╭─ Input
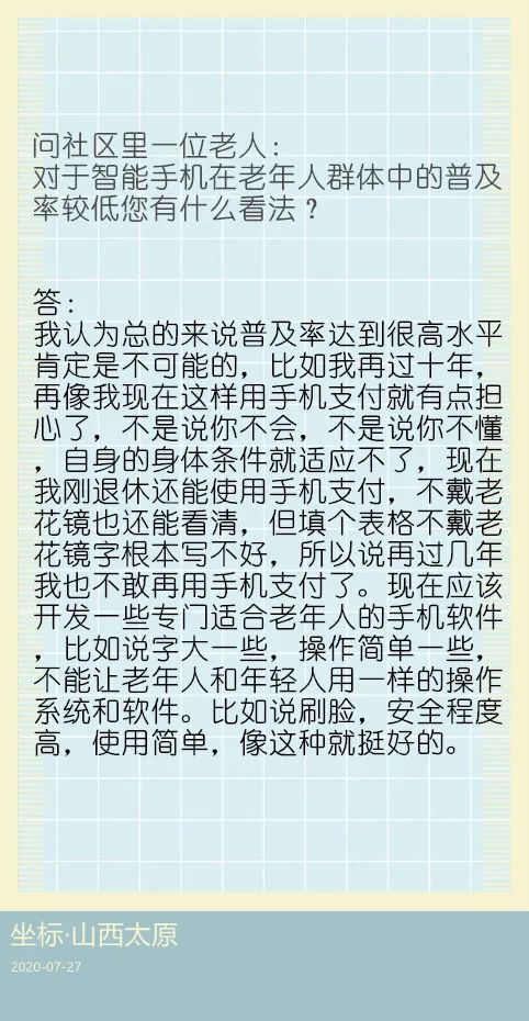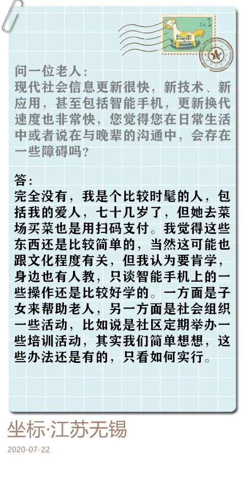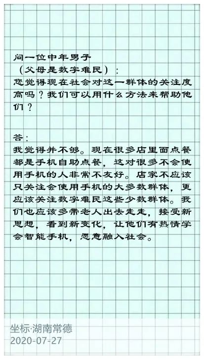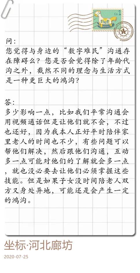 本次采访主要在一座广场中进行,随机采访到了4位路人,从采访信息来看,多数受访者认为家中老人们不适应数字化生活对几代人之间的沟通不会产生太大影响,因为他们还可以采用其他的沟通渠道,受访者都表示他们非常乐意帮助家中的“数字难民”融入数字化社会。
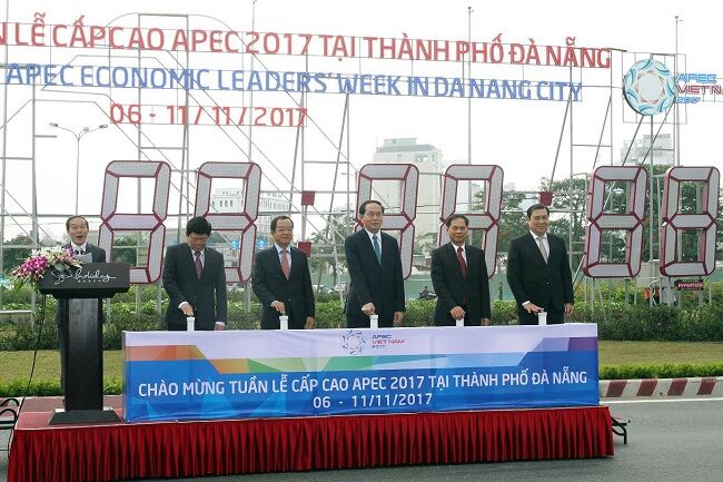 Chủ tịch Nước Trần Đại Quang cùng đại diện các đơn vị ban ngành bấm đồng hồ đếm ngược đến tuần lễ cấp cao Apec 2017 tại TP.Đà Nẵng
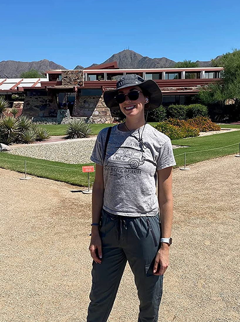 I bought these pants in black last year, and they quickly become one of my go-to pairs. At 5' tall, it's hard for me to find pants that aren't too long without going the junior-size route, so I was pleasantly surprised to find these hit me just above my ankles — the perfect length for pairing with my chunky Doc Martens (my cold weather shoe of choice). I recently packed these on a trip to Italy, and paired them with white sneakers during the day for a cute and casual comfy look. They feel SO sturdy, yet lightweight, and while I haven't had them for a super long time, I can tell they're gonna last me a while.
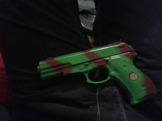 Coloque la pistola sobre algo plano, agarrándolo verticalmente con respecto al igual que el mío es.
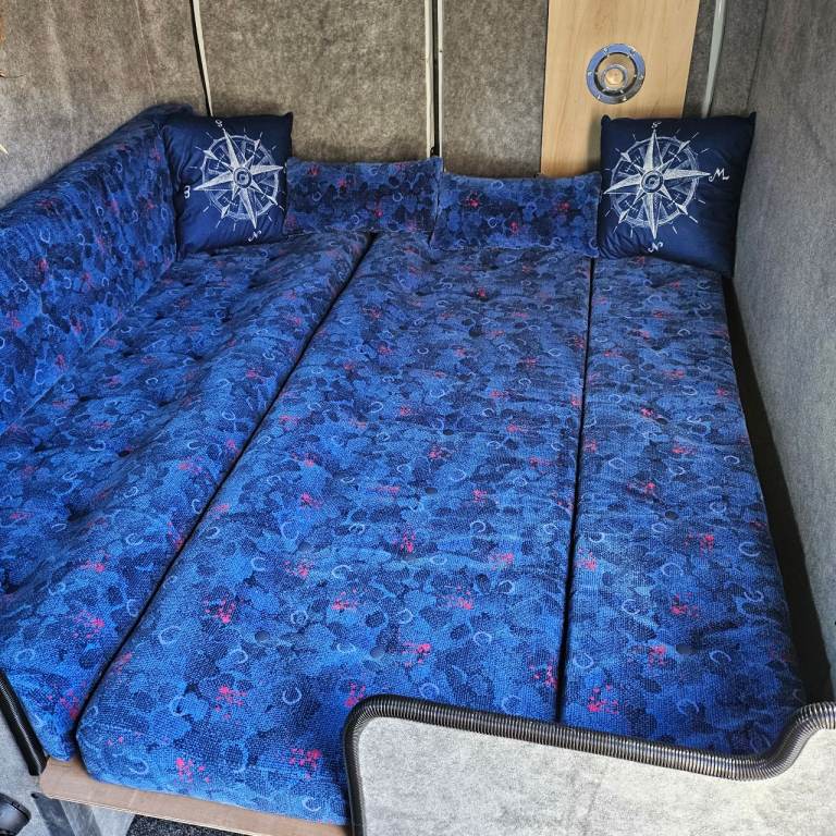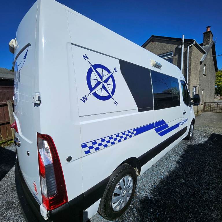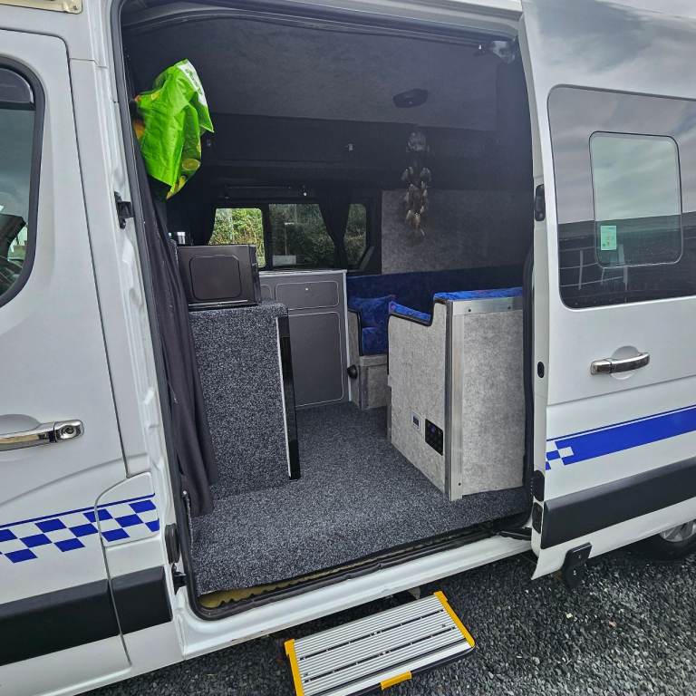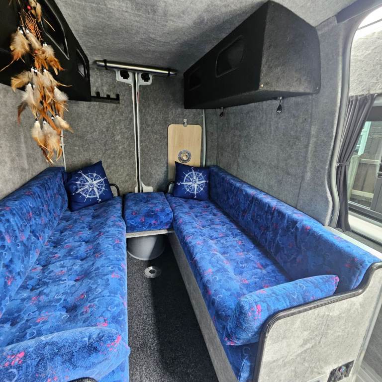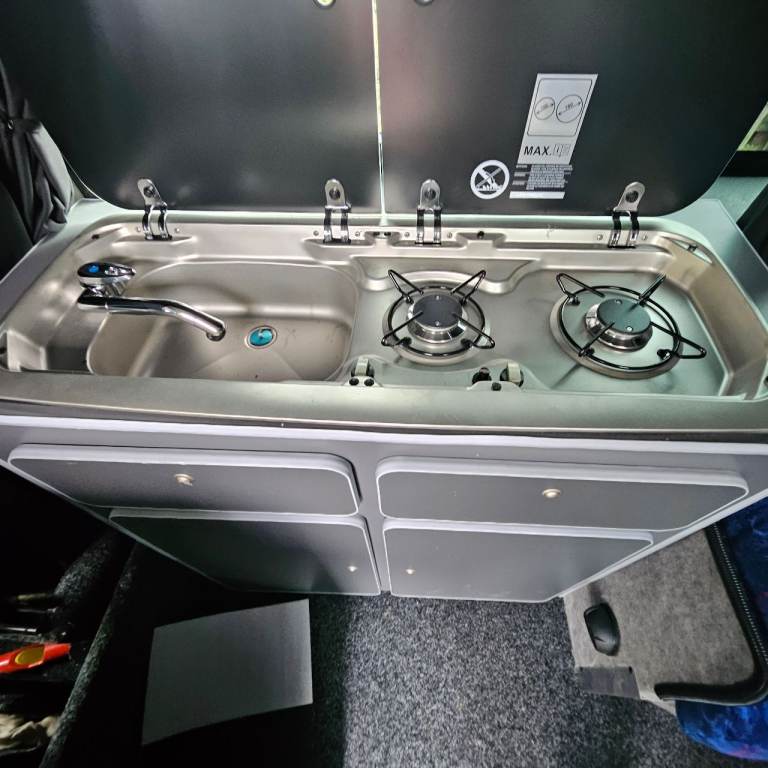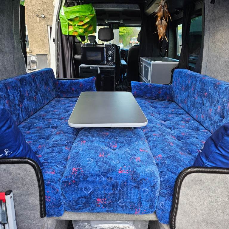 2019 new conversion comprising of all new interior, smev 9222 double burner glass top kitchen unit, new 90 litre fridge, microwave, two new rear couches folding into a massive 6 foot x six foot double bed, new 21 inch bluetooth tv, 2000/4000 watt 240 volt inverter, wired up for solar panel, opening rear privacy tinted windows, all new fabric, led lights, new curtains, two leisure batteries for complete off grid camping, 240 volt hookup, new flooring, new vinyl graphics, new visor and window deflectors, digital axle weighing system .
╰─
** Action item **
Only the lines from where the data begins to the line with "Chủ tịch Nước", both of them included, should be reproduced word for word; no pictures.

** Response area **
 本次采访主要在一座广场中进行,随机采访到了4位路人,从采访信息来看,多数受访者认为家中老人们不适应数字化生活对几代人之间的沟通不会产生太大影响,因为他们还可以采用其他的沟通渠道,受访者都表示他们非常乐意帮助家中的“数字难民”融入数字化社会。
 Chủ tịch Nước Trần Đại Quang cùng đại diện các đơn vị ban ngành bấm đồng hồ đếm ngược đến tuần lễ cấp cao Apec 2017 tại TP.Đà Nẵng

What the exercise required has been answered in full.